The inspirations behind our Alphabet exhibition

As part of the 2018 London Design Festival, one of the landmark exhibits was our colourful urban playground, Alphabet, created by Old Street-based graphic-design studio, Kellenberger-White.

One of the installation’s main aims was to create something that would make use of its unique space in Finsbury Avenue Square while inspiring Broadgate’s huge range of visitors to engage, connect and interact with the art.

"Alphabet is an experiment in construction and colour that tests and connects many things," explain the design duo. "It's a playground, but also an alphabet; it's public furniture, but it can talk."

The enduring influence of Bruno Munari
It’s also a project that builds on the pair’s fascination with typography as well as other areas of influence including branding, books, magazines, wayfinding, exhibition design and furniture. (Their 3D design for Elizabeth Price BERLINWAL in 2018 was almost a precursor to Alphabet.)

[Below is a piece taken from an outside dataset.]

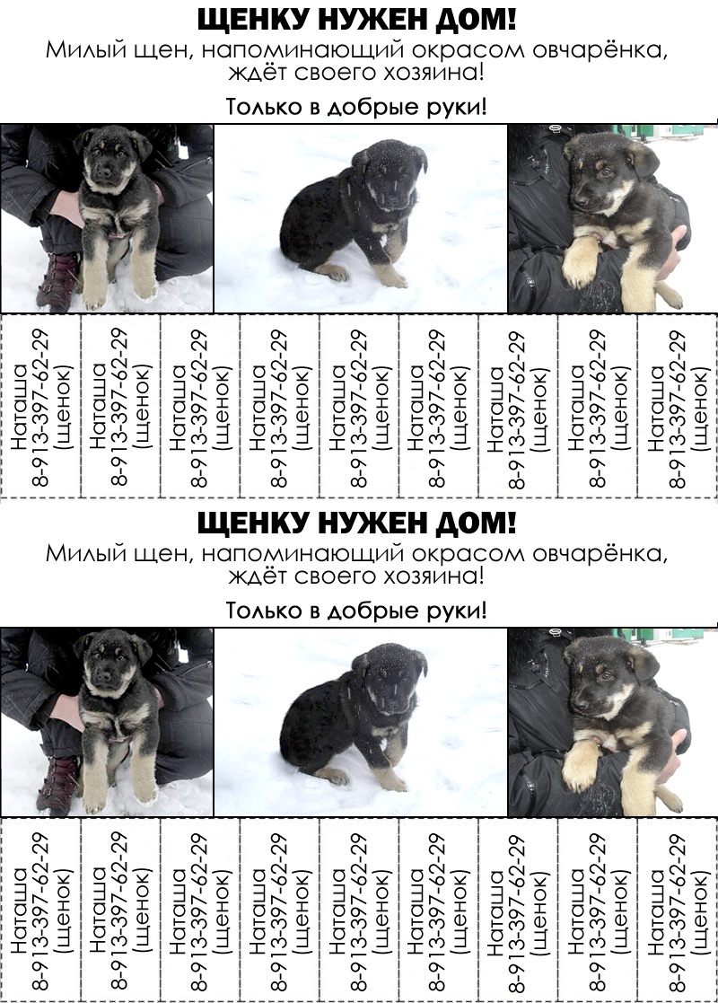 ) Но, т.к ему 85 лет и здоровье, ну совсем не очень...Нам нужно постараться быстрее его пристроить.Боюсь, что до выходных я врят ли смогу заняться его пиаром...Собственно, дорогие форумчане, просьба моя вот в чем. У кого может есть "лишние звоночки" на овчароидных малышей. Или, может, кто отдал уже, а звонки идут - будьте добры, переводите, пожалуйста ( желательно адекватные, т.к отсеивать г...но в связи с ответственной работой нет времени физически, да и щен на овчаренка похож очень!).Я буду вам очень благодарна!!! Мой тел: 8-913-397-62-29 Наташа, моя "коллега" 8-961-870-85-65 Лена.

The pair cite one of their biggest inspirations as the Italian futurist Bruno Munari, whose Design As Art book is a seminal exploration of how everyday objects can be both beautiful and accessible. (In-keeping with Alphabet’s theme, his children’s ABC book captures young readers’ imaginations while remaining a design classic.)

Munari’s photo series Seeking Comfort In An Uncomfortable Chair from 1944 is also one of the duo’s biggest influences as Sebastian White says: “You want to make something that can encourage interaction but also something that can maybe prompt conversations about the way we design and the way we make things.”

There’s also a cheeky nod to artist Bruce McLean’s 1971 Pose Work For Plinths; a fitting tribute as his Eye-I (1993) is just across Broadgate on Bishopsgate pavement.

The design of Exchange House
It was also the ground-breaking architecture of Broadgate itself which lent ideas to Alphabet’s inspiration. Exchange House, around the corner from Finsbury Avenue Square, is one of architecture’s most celebrated designs thanks to its marriage of form and function as both bridge and building over Liverpool Street Station’s train tracks.

Exchange House’s four parabolic arches bear the load of its structure, transferring it down on to foundations either side of the tracks with only 5% of its footprint touching the ground. In 2015, the enduring elegance of Exchange House was awarded the American Institute of Architects’ 25-Year Award for “[a] simple yet ingenious structural system that unifies design and function in the mid-century Modernist tradition”.

The bridge motif also infiltrates Alphabet as each of the 26 chairs are coloured with industrial paint colours from bridges around the world – from the International Orange of San Francisco’s Golden Gate Bridge and the Cornflower Blue of Middlesbrough’s Transporter Bridge. “What’s interesting in branding is making a logo or a typeface that becomes such an important ingredient for how that place can communicate,” comments White.